In future releases it will be possible to generate models for other programming langagues like java and rust

Note

You can also use dc-avro to generate the models from the command line

Mapping avro fields to python fields summary

Avro Type Python Type
string str
int long
boolean bool
float double
null None
bytes bytes
array typing.List
map typing.Dict
fixed types.confixed
enum enum.Enum
int types.Int32
float types.Float32
union typing.Union
record Python class
date datetime.date
time-millis datetime.time
time-micros types.TimeMicro
timestamp-millis datetime.datetime
timestamp-micros types.DateTimeMicro
decimal types.condecimal
uuid uuid.UUID
Avro Type Python Type
string str
int long
boolean bool
float double
null None
bytes bytes
array typing.List
map typing.Dict
fixed types.confixed
enum str, enum.Enum
int types.Int32
float types.Float32
union typing.Union
record Python class
date datetime.date
time-millis datetime.time
time-micros types.TimeMicro
timestamp-millis datetime.datetime
timestamp-micros types.DateTimeMicro
decimal types.condecimal
uuid uuid.UUID

Render a Python module

It's also possible to generate a Python module containing classes from multiple schemas using render_module.

from dataclasses_avroschema import ModelGenerator, ModelType

model_generator = ModelGenerator()

user_schema = {
    "type": "record",
    "name": "User",
    "fields": [
        {"name": "name", "type": "string", "default": "marcos"},
        {"name": "age", "type": "int"},
    ],
}
address_schema = {
    "type": "record",
    "name": "Address",
    "fields": [
        {"name": "street", "type": "string"},
        {"name": "street_number", "type": "long"},
    ],
}

result = model_generator.render_module(schemas=[user_schema, address_schema], model_type=ModelType.DATACLASS.value)

with open("models.py", mode="+w") as f:
    f.write(result)

Then, the end result is:

# models.py
from dataclasses_avroschema import AvroModel
from dataclasses_avroschema import types
import dataclasses


@dataclasses.dataclass
class User(AvroModel):
    age: types.Int32
    name: str = "marcos"


@dataclasses.dataclass
class Address(AvroModel):
    street: str
    street_number: int

Generating a single module from multiple schemas is useful for example to group schemas that belong to the same namespace.

LogicalTypes

Native logicalTypes are supported by dataclasses-avroschema but custom ones are not. If you defined a custom logicalType then the fallback is used when generating the field.
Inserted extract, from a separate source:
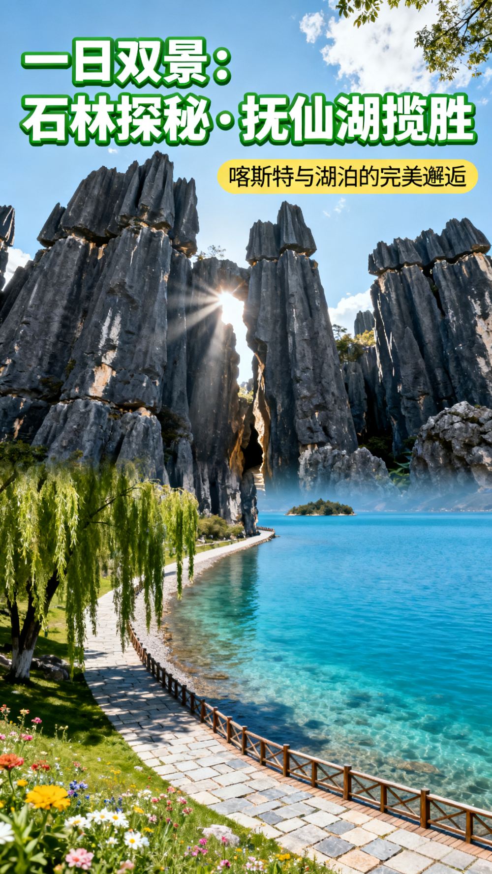 探秘石林,看 2.7 亿年喀斯特地貌的石峰嶙峋,赴一场阿诗玛的传说之约。畅游抚仙湖,沉醉于 “琉璃万顷” 的透亮蓝波,任微风拂去疲惫。一天尽览云南的雄奇与温柔。
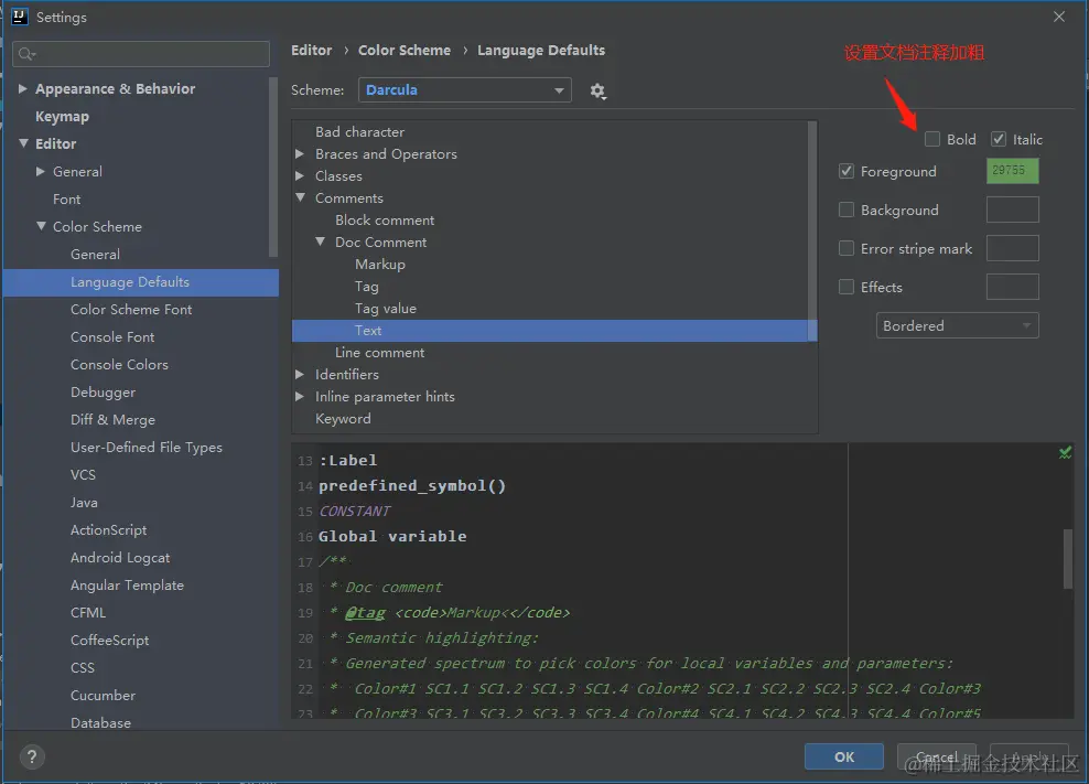 •具体操作:Settings --> Editor --> Color Scheme --> Language Defaults --> Comments --> Doc comment --> Text --> 勾选Bold

In the next example we have a logicalType defined as url, which is not a native one, then the model generated will use string

from dataclasses_avroschema import ModelGenerator, ModelType

model_generator = ModelGenerator()


schema = {
    "type": "record",
    "name": "TestEvent",
    "fields": [
        {
            "name": "regular",
            "type": {
                "type": "string",
                "logicalType": "url"
            },
            "doc": "Urls"
        }
    ],
}

print(model_generator.render(schema=schema))

"""
from dataclasses_avroschema import AvroModel
import dataclasses


@dataclasses.dataclass
class TestEvent(AvroModel):
    regular: str = dataclasses.field(metadata={'doc': 'Urls'})
"""

Render Pydantic models

It is also possible to render BaseModel (pydantic) and AvroBaseModel (avro + pydantic) models as well. The end result will also include the necessaty imports and the use of pydantic.Field in case that it is needed:

For example:

schema = {
    "type": "record",
    "name": "User",
    "fields": [
        {"name": "name", "type": "string"},
        {"name": "age", "type": "long"},
        {"name": "friend", "type": ["null", "User"], "default": None},
        {"name": "relatives", "type": {"type": "array", "items": "User", "name": "relative"}, "default": []},
        {"name": "teammates", "type": {"type": "map", "values": "User", "name": "teammate"}, "default": {}},
        {"name": "money", "type": {"type": "bytes", "logicalType": "decimal", "precision": 10, "scale": 3}},
    ],
}

and then render the result:

from dataclasses_avroschema import ModelGenerator, ModelType

model_generator = ModelGenerator()
result = model_generator.render(schema=schema, model_type=ModelType.PYDANTIC.value)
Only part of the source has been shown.